In fact, the base table containing quotes on instruments on several exchanges using the TokuDB storage mechanism:
CREATE TABLE `quotes` ( `ticker` char(4) NOT NULL, `timestamp` time(3) NOT NULL, `price` decimal(7,2) unsigned NOT NULL, `size` smallint(5) unsigned NOT NULL, `exchange` char(3) NOT NULL, KEY `best_price` (`ticker`,`timestamp`,`exchange`,`price`), KEY `best_size` (`exchange`,`ticker`,`price`,`timestamp`) ) ENGINE=TokuDB
Whenever I ask for the best price on all exchanges, she always uses a temporary table. The presence of exchange and price only in the index leads to the fact that index scanning is equivalent to the cluster key on (ticker, timestamp) in TokuDB.
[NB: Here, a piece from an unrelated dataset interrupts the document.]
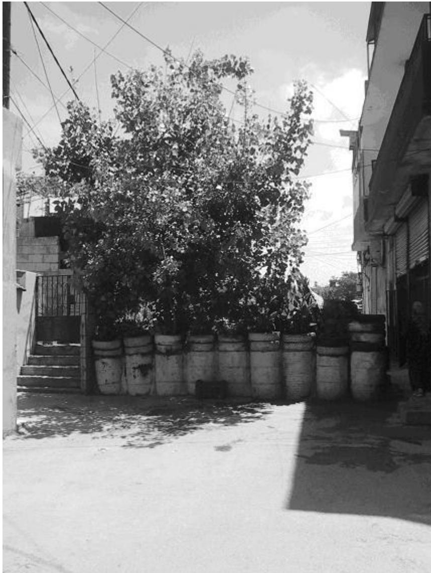
Photo 1: A closed road in al-Buss Camp near Tyre

EXPLAIN SELECT max(price),exchange FROM quotes WHERE ticker="A" AND timestamp BETWEEN "15:15:22.328961" AND "15:17:22.328961" GROUP BY exchange ORDER BY NULL \G *************************** 1. row *************************** id: 1 select_type: SIMPLE table: quotes type: range possible_keys: best_price key: best_price key_len: 9 ref: NULL rows: 2690 Extra: Using where; Using index; Using temporary
Is it possible to determine a configuration that would not use a temporary table? This is only possible when dropping a timestamp article:
EXPLAIN SELECT max(price),exchange FROM quotes WHERE ticker="A" GROUP BY exchange ORDER BY NULL \G *************************** 1. row *************************** id: 1 select_type: SIMPLE table: quotes type: range possible_keys: best_price key: best_size key_len: 7 ref: NULL rows: 96 Extra: Using where; Using index for group-by
Example of output from the request for the best price:
+------------+----------+ | max(price) | exchange | +------------+----------+ | 41.06 | BTY | | 41.06 | DEA | | 41.07 | NYS | | 41.07 | THM | | 41.06 | PSE | | 41.07 | BAT | | 41.06 | DEX | | 41.06 | BOS | | 41.06 | ADC | | 41.06 | XPH | +------------+----------+ 10 rows in set (0.01 sec)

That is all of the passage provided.